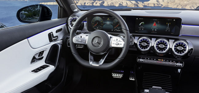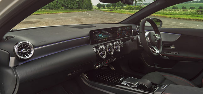 Every A-Class model comes well equipped. The entry-level 'SE' trim features twin seven-inch displays including a central touchscreen with MBUX multimedia system featuring 'Hey Mercedes' voice activation. Plus there's comfort suspension, 16-inch alloy wheels, a DAB radio, Artico man-made leather and Bertrix fabric upholstery, Active Lane Keeping Assist, Speed Limit Assist, a Keyless-Go starting function and air conditioning. The 'Sport' trim line adds LED high performance headlights, 17-inch alloy wheels, Artico and 'Fleron' fabric upholstery and automatic climate control. 'AMG Line' customers will benefit from 18-inch AMG alloy wheels, an AMG bodystyling kit, Artico and Dinamica microfibre upholstery and a three-spoke sports steering wheel.
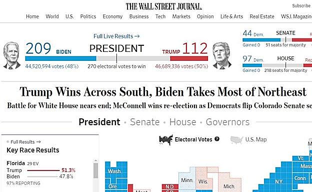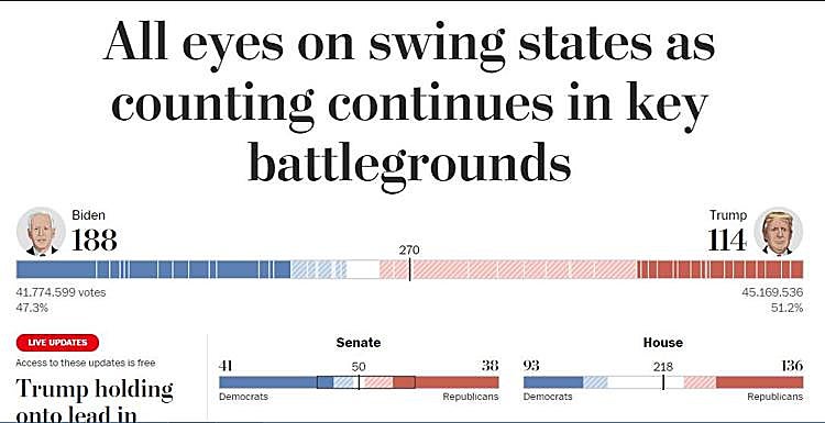 El 'Washigton Post' destacaba esta madrugada el triunfo de Trump en Florida y la «sorpresiva fuerza» de Biden en Ohio y Texas. «Los resultados podrían tomar más tiempo en algunos Estados debido al aumento del voto por correo», advertia el medio en un mensaje subrayado en amarillo. Los últimos pronósticos del periódico dan como ganador a Biden en Colorado y a Trump en Carolina del Sur. Mientras Trump se apoya en su triunfo en Florida, «el candidato demócrata se aferra a su ventaja en Arizona», señalaba el medio esta madrugada.
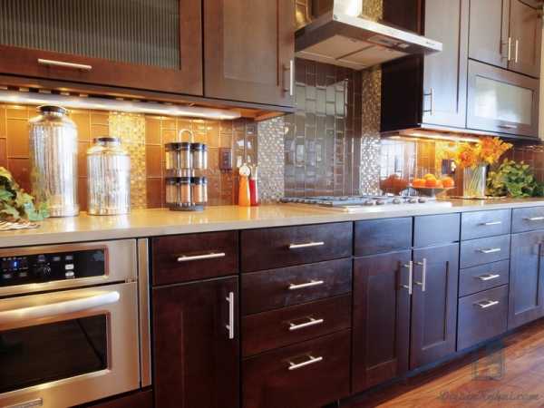 Если кухня традиционного типа, рабочая зона находится под навесными шкафами, то светильники размещаются на днище шкафчиков.
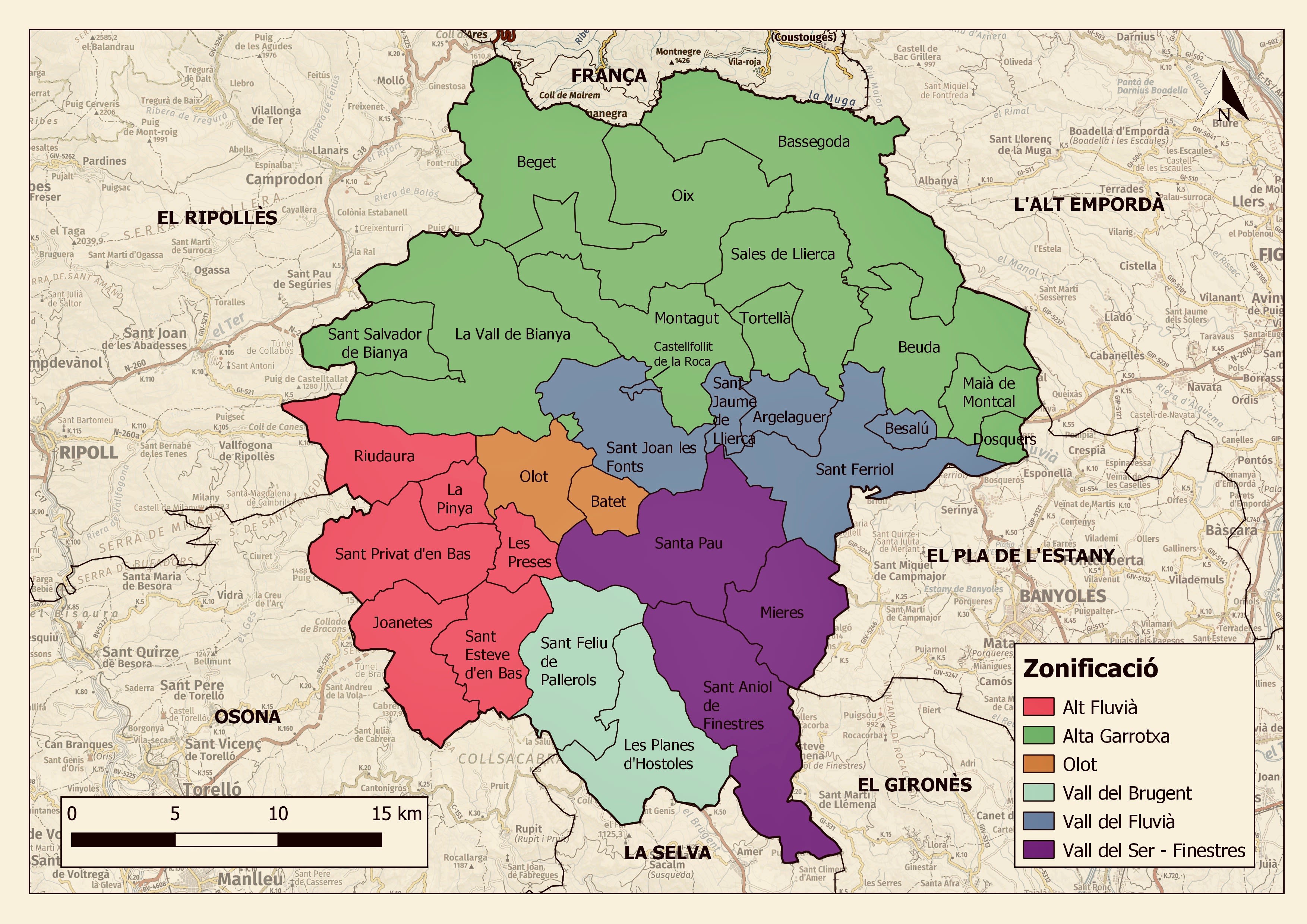 El projecte del PEHOC va decidir incorporar aquests mapes de zonificació perquè la comarca té realitats molt diferents, no és el mateix la zona de l’Alta Garrotxa que la Vall d’en Bas i és imprescindible treballar cada una d’elles de manera concreta i diferenciada.

__INSTRUCTIONS TO FOLLOW__:
Starting from the line that has "Если кухня традиционного" and ending at the last line of the material above, every line should be output exactly; pictures are dropped and nothing else appears.

__YOUR SOLUTION__:
 Если кухня традиционного типа, рабочая зона находится под навесными шкафами, то светильники размещаются на днище шкафчиков.
 El projecte del PEHOC va decidir incorporar aquests mapes de zonificació perquè la comarca té realitats molt diferents, no és el mateix la zona de l’Alta Garrotxa que la Vall d’en Bas i és imprescindible treballar cada una d’elles de manera concreta i diferenciada.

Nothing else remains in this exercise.